— Матвуй, отпусти, не позорь мою седую голову…
— Отпущу… завтра… Только ты сперва скажи: сам успел столько яиц собрать или готовое уже вынес?
— Готовое… Дочка собрала…
— А куда поставила?
— В крапиве за птичником… Там ямка одна есть…
— Много раз выносил?
— Много…
— Так у тебя же свои куры. Иль совхозные яйца вкуснее?
— Не ем я яиц… Желудок не принимает.
— Тогда зачем крадешь?
Молчит сосед.
— Иль машину купить хочешь?
— Да чего ты прилип, как банный лист? Машину, трактор, самолет… Тебе-то что?
— Ладно, завтра купишь — полетишь!
— Отпусти, а, Денисыч, — снова заводит Опанас. — Не один день друг друга знаем… Сколько соли вместе съели, а сколько еще придется съесть… Совести у тебя нет!
— А у тебя ее много? Зачем полез?
— Тебе чего, яиц жалко?
— Мне людей жалко. Ты ведь их обкрадываешь. И меня тоже, и дочку свою. Может, мы бы зарплату с тех яиц больше получали, премию бы…

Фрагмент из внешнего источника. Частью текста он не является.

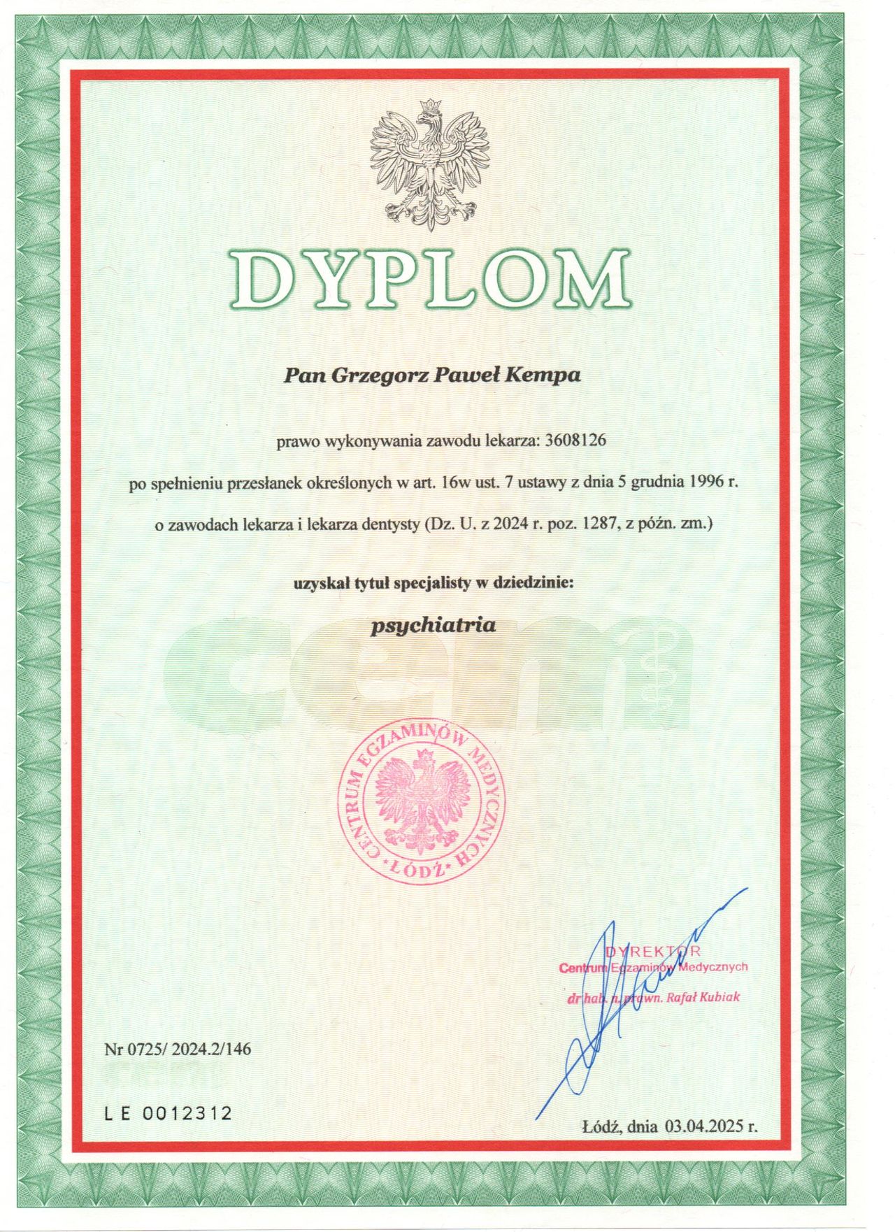 Czy Grzegorz Kempa przyjmuje online, bez konieczności pojawiania się w placówce?Tak, Grzegorz Kempa oferuje konsultacje online. Wybierz opcję „konsultacja online” przy umawianiu wizyty, a zobaczysz dostępne terminy.

— Да отдам я, будет тебе премия…
— Ну и глупые же люди встречаются. Отдаст он мне!
— Ты-то поглупее, выходит, коль отказываешься.
— Эх, Опанас, Опанас… Все-то у тебя глупые, один ты умный. И совсем не от ума над людьми ты смеешься.
— Это над кем я смеюсь?
— А надо мной, хотя бы…
— Когда?
— Да хоть над статьей в газете. А не подумал, что, может, не зря я тебе ее принес. Я, может, хотел, чтобы ты понял меня. А ты: «срам, срам!»
— Ладно, Матвуй, понял я. Отпусти.
— Понял? Это хорошо… Да, — спохватился он вдруг, — корзину твою принести надо. Вдруг собака какая набредет да съест все. И не докажешь тогда, что ты вор…
Матвуй скрылся в темноте. Опанас тотчас принялся бить в дверь. Только она, хоть и шаталась, но стояла крепко.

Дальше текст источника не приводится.